Gant, former owner of The Art of Boxing training gym in Midtown, was a younger man then, working with Ali’s trainer Angelo Dundee at his Deer Lake gym near Reading, Pa., and occasionally sparring with The Greatest.

“He was bigger than life, very sociable, very playful,” said Gant, 67, who works training students at Tri-Cities High School.

“I copied his style,” said Gant. “Hit, and don’t get hit.”

Gant was among the Atlanta boxers and former boxers reminiscing about the late Muhammad Ali this week and planning to attend Ali’s funeral Friday in Louisville, Ky. “I was jogging in Stone Mountain today,” said Gant Monday, “and I thought, if I don’t go (to the funeral), I won’t forgive myself.”

Xavier Biggs, 59, who co-owns the Decatur Boxing Club, said Ali “was just was way bigger than boxing. Boxing was just his platform for him to do everything he was destined to do. He was one of our greatest warriors and our greatest messengers.”

Biggs, a Philadelphia native, also remembers watching Ali train in Deer Lake, and said when Ali hit the heavy bag “it sounded like pistol shots going off.”

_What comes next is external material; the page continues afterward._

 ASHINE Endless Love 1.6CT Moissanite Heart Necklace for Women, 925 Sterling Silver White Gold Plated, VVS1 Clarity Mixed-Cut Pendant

Said Biggs, “he was such a big beautiful man; he just had a presence that was radiant.” Biggs’ father, who loved boxing, and took his sons to the fights in Philadelphia. The father was not an immediate fan of Ali. “At first he didn’t like him, because he said he talked too much. Then he fell in love with him, more than any other fighter.”

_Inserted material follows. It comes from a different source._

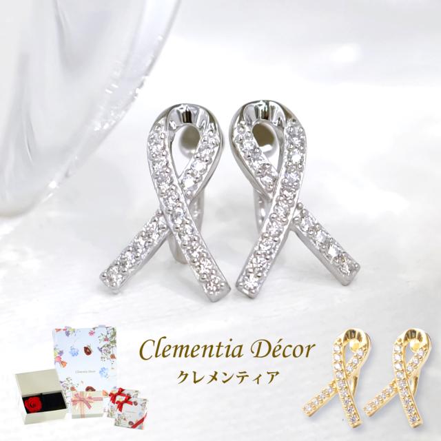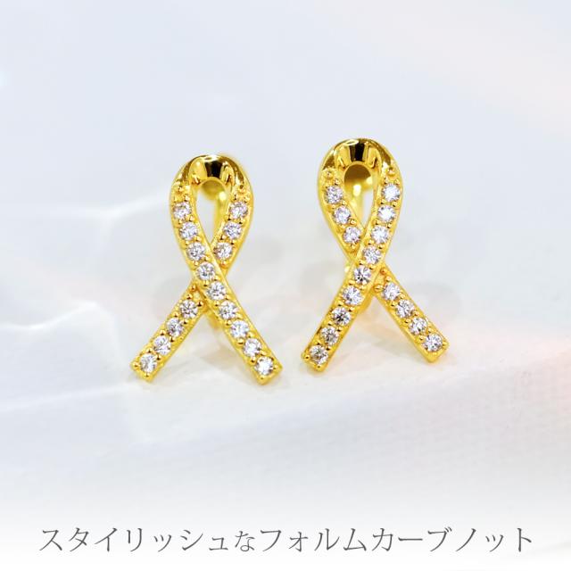 ジルコニアが煌めくリボンをくるりと一回転させたカーブノットは、リボンモチーフの中でも甘くなり過ぎずスタイリッシュに使えます。

Gant had a boxing career that included a place on the undercard during an Ali fight at the Baltimore Civic Center and a Landover, Md., bout with Sugar Ray Leonard in 1979.

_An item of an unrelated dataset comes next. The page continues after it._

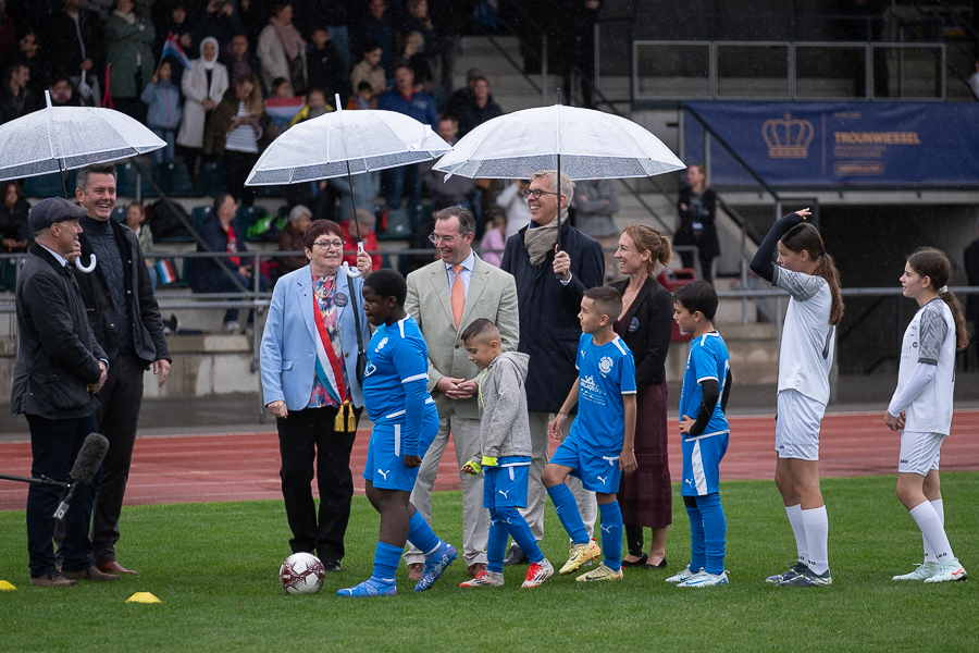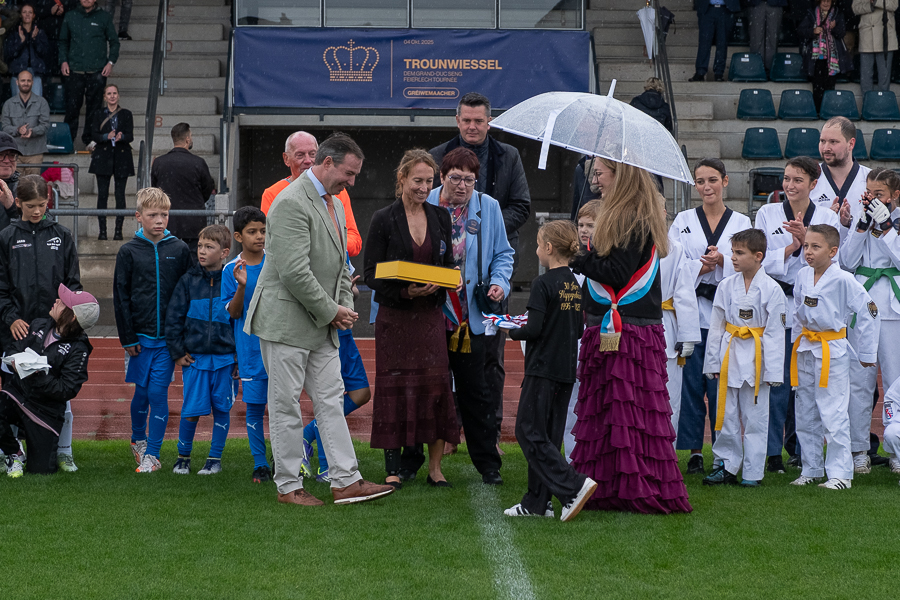 Children active in football and athletics guided the Grand Duke around the pitch. Inside the stadium, about 100 young players were training. Local clubs representing athletics, handball, taekwondo, football and table tennis were present. Grand Duke Guillaume exchanged with volunteer trainers, referees and club presidents, posed for a group photo on the pitch and received a symbolic gift at the end of his visit. A public reception was planned afterwards.

When Gant ran into Ali at the Denver airport in the early ’80s, he made a point of telling Ali how much he had changed his life. Gant moved to Atlanta in 1988, and was in the Olympic stadium in 1996 when Ali lit the torch during the Opening Ceremonies of the Atlanta Games. “I was so shocked and surprised and happy, it brings tears to my eyes even now.”